Mesmo assim, a Procuradoria tenta emplacar na Assembleia Legislativa um projeto de lei que reduz de 30% para 20% o número mínimo de cargos destinados a servidores de carreira. O artigo polêmico, relatado pela deputada Isolda Dantas (PT), foi embutido no texto que trata da recomposição salarial da categoria — um típico “jabuti legislativo”, segundo os sindicatos.
Além de ser considerado inconstitucional, o projeto ainda prevê reajuste abaixo da inflação, aprofundando a perda de quase 25% no poder de compra dos servidores.

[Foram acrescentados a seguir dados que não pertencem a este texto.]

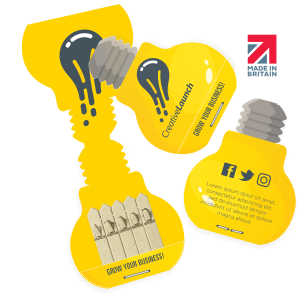 Light Bulb Seedsticks - this registered trademarked product evolved from a matchbook over 30 years ago with the striking end being replaced by seed! Seedsticks can be printed full colour, inside and out, using veg and soy inks on FSC certified paper. The product is Made in Britain certified with a wide range of flower, vegetable, herb and tree seeds available. Tear it, plant it and watch it grow.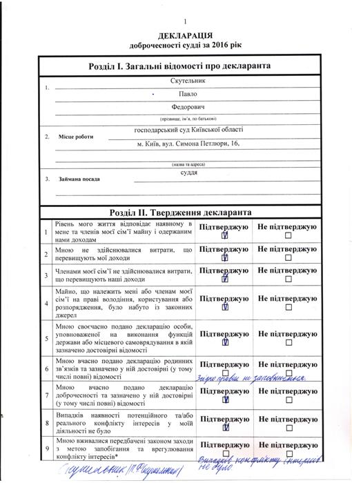 Суддя Господарського суду Київської області Павло Скутельник у декларації доброчесності за 2016 рік вказав на випадки втручання у його діяльність по здійсненню правосуддя. Копія декларації судді є у розпорядженні «Наших грошей».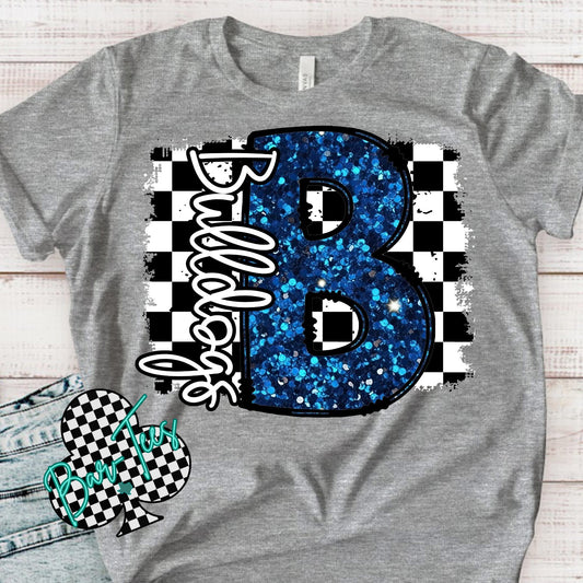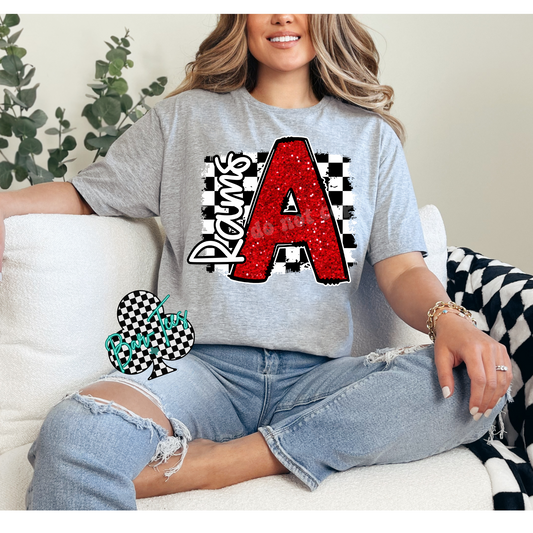 Custom Checkerd Faux Glitter Mascot Tee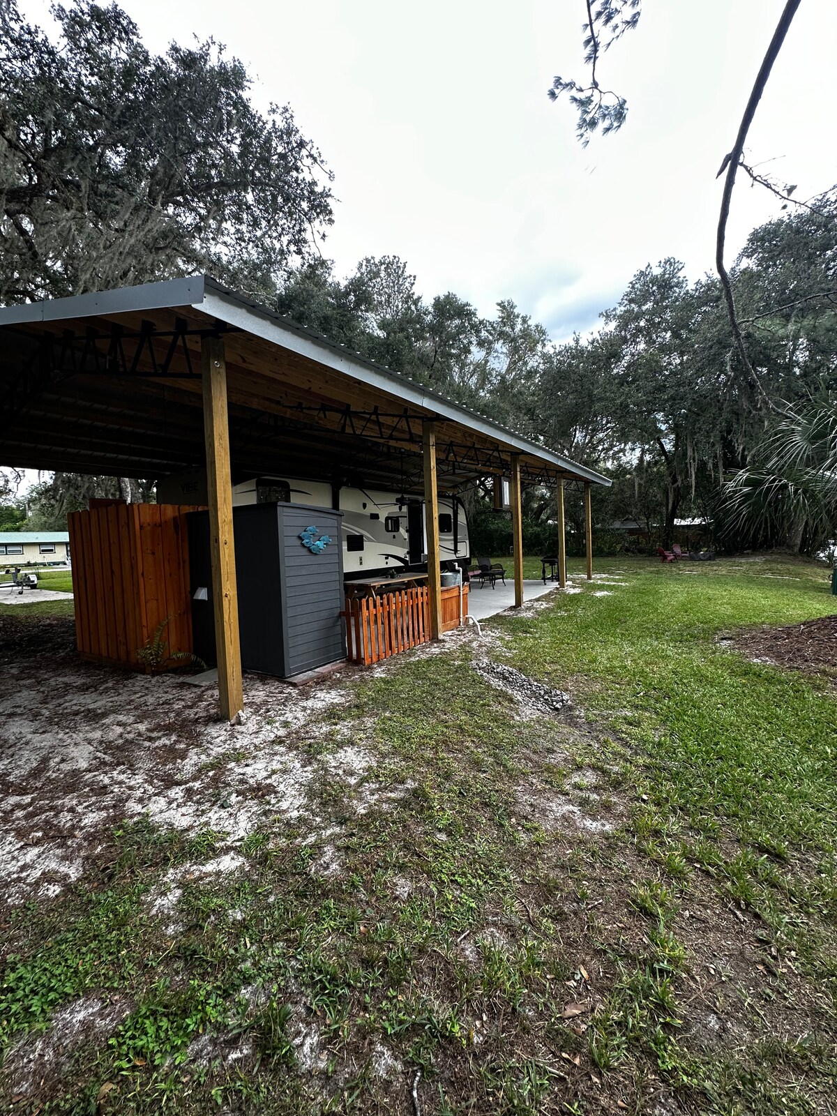 Cozy Stationary Retreat Enjoy all the comforts of home in a unique outdoor setting. This Coach stays permanently parked on a quiet wooded lot only minutes to the beach and world famous springs Zero Stress: No towing or backing up required—just show up and relax. Fully Equipped: Includes a full kitchen, Queen Bed and a private outdoor space with private fire pit, chairs, hammock... Prime Location: Minutes away from Three Sister Springs, Hunter Springs, Fort Island Beach and so much more.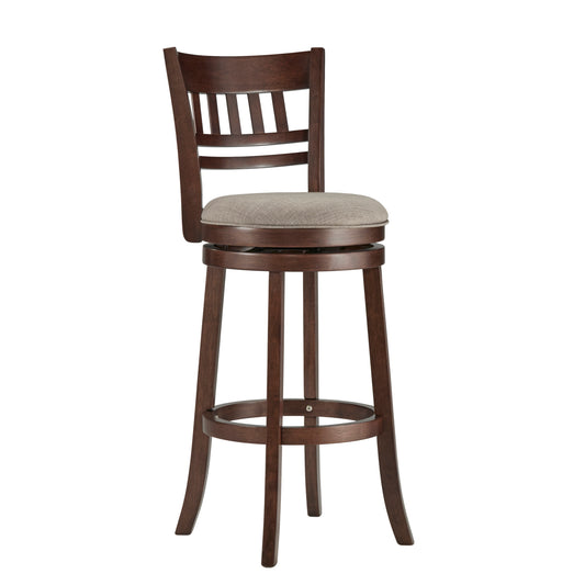 29" Bar Height Slatted Back Swivel Stool - Beige Linen, Cherry Finish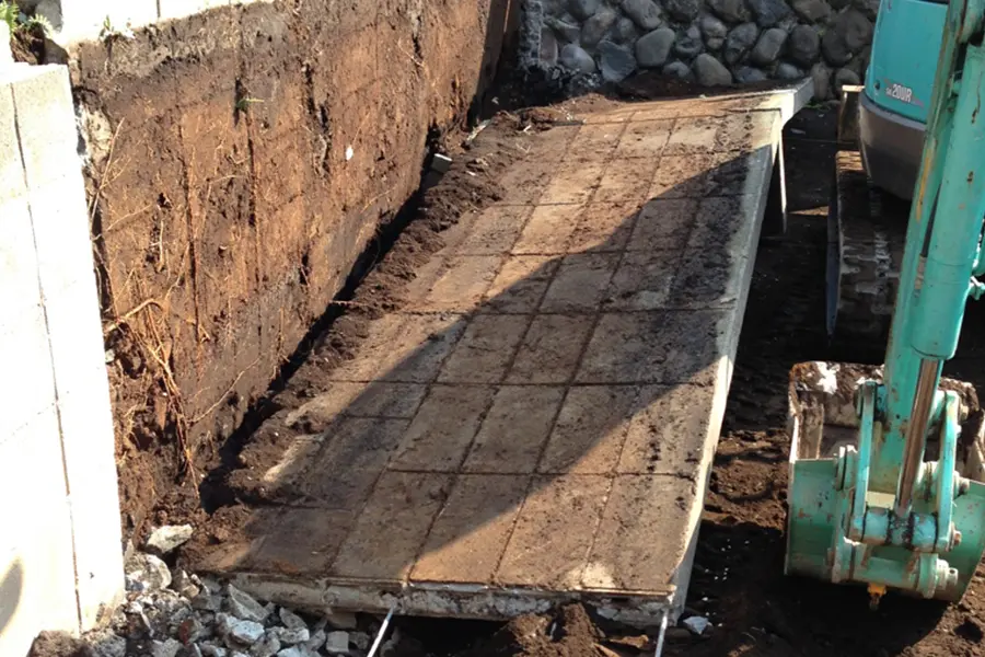 ブロック塀や庭、物置、門柱などの家の周りの構造物を撤去いたします。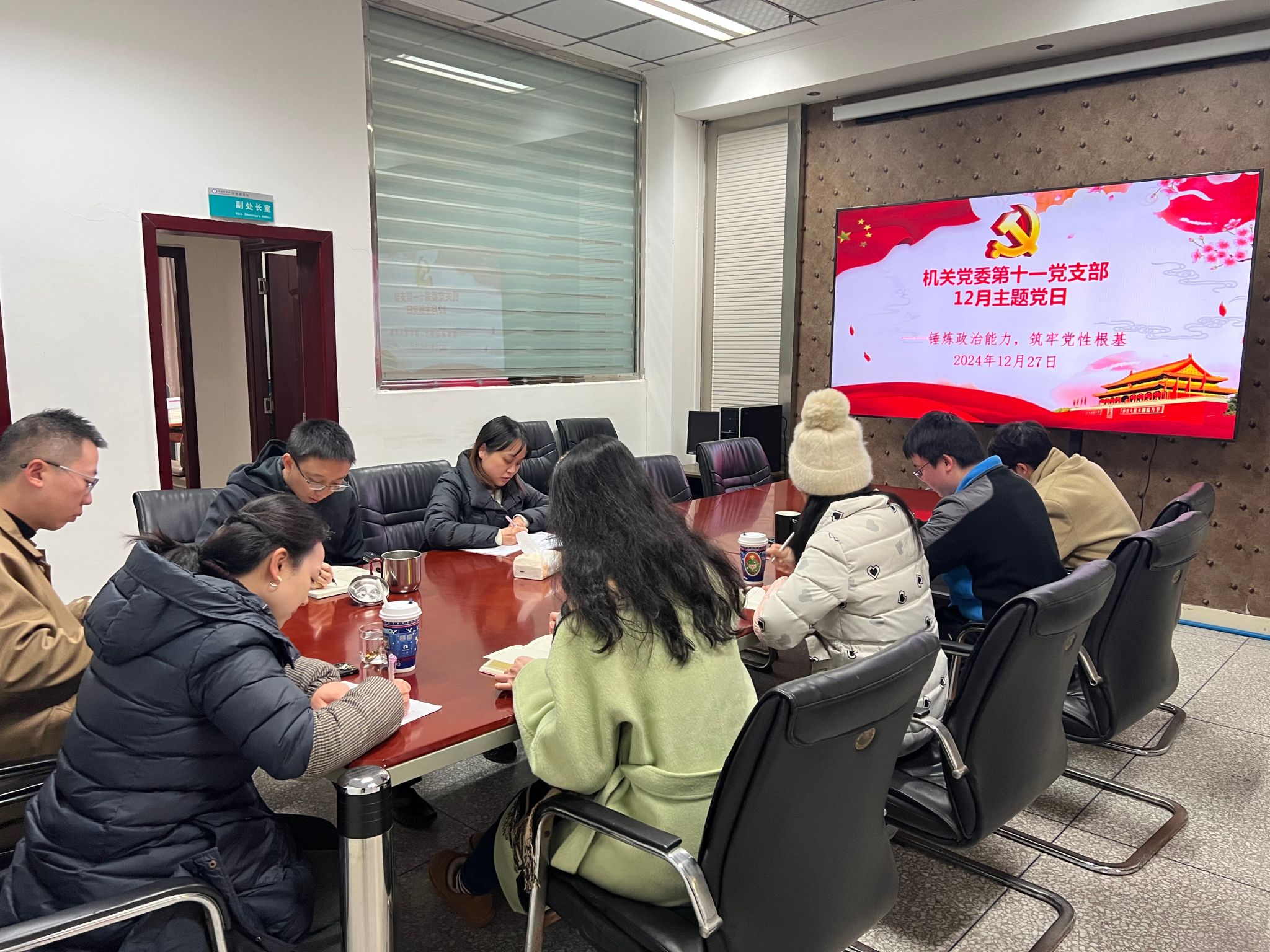2024年12月27日下午,机关党委第十一支部全体党员在计划财务处会议室开展主题为“锤炼政治能力,筑牢党性根基”的月度党日活动。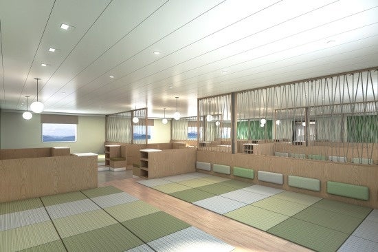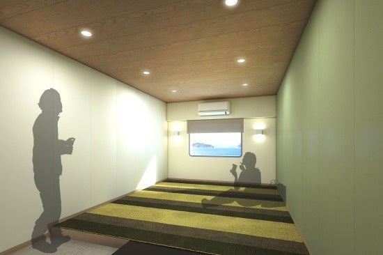 ・室内に上下2層のロフト式のびのび席を配置。上段は性能繊維構造体「ブレスエアー®」のマットレス、下段は遠赤外線床暖房「ヒートプラス」付きの畳敷きで、2名までなら夜行便でも快適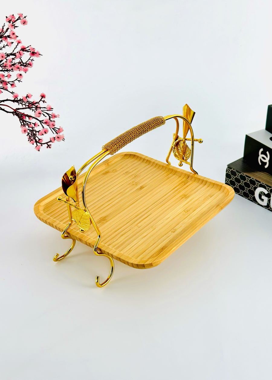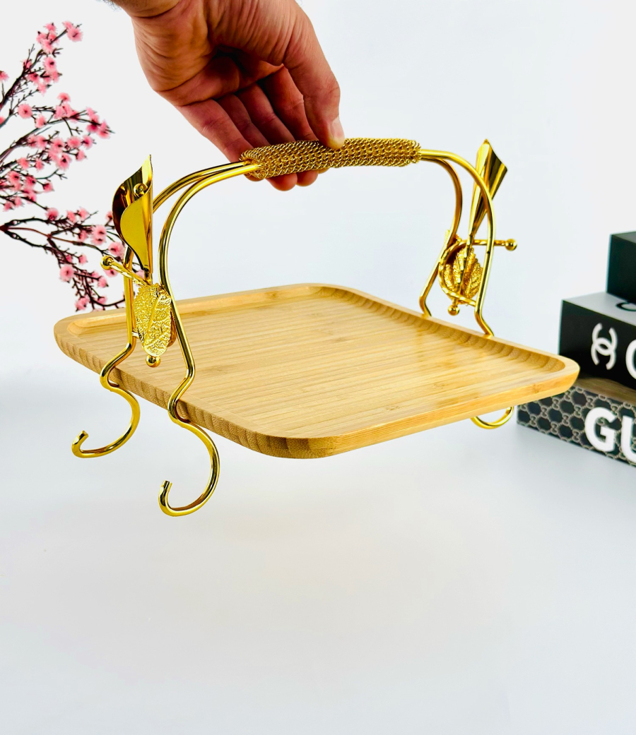 حافظة مربع حلويات اطار ذهبي وسط

Os números oficiais mostram um quadro alarmante: 515 cargos comissionados, 439 servidores efetivos, 339 terceirizados e 431 estagiários. Ou seja, mais da metade do MPRN é formada por vínculos precários, algo que as entidades classificam como “vergonhoso” e “contrário à moralidade que o próprio Ministério Público cobra dos outros órgãos”.
MPRN desafia STF e piora precarização
O Sindicato lembra ainda que o STF já considerou inconstitucional uma tentativa semelhante de reduzir o percentual de efetivos, e que a nova manobra representa uma “afronta direta” à Corte.
Para as entidades, o MPRN caminha para se tornar um dos Ministérios Públicos mais precarizados do país, desvalorizando o servidor concursado e enfraquecendo o serviço público.
“É inaceitável que uma instituição que deveria ser exemplo de legalidade lidere a precarização do trabalho”, afirmam em nota de repúdio assinada pelas três entidades.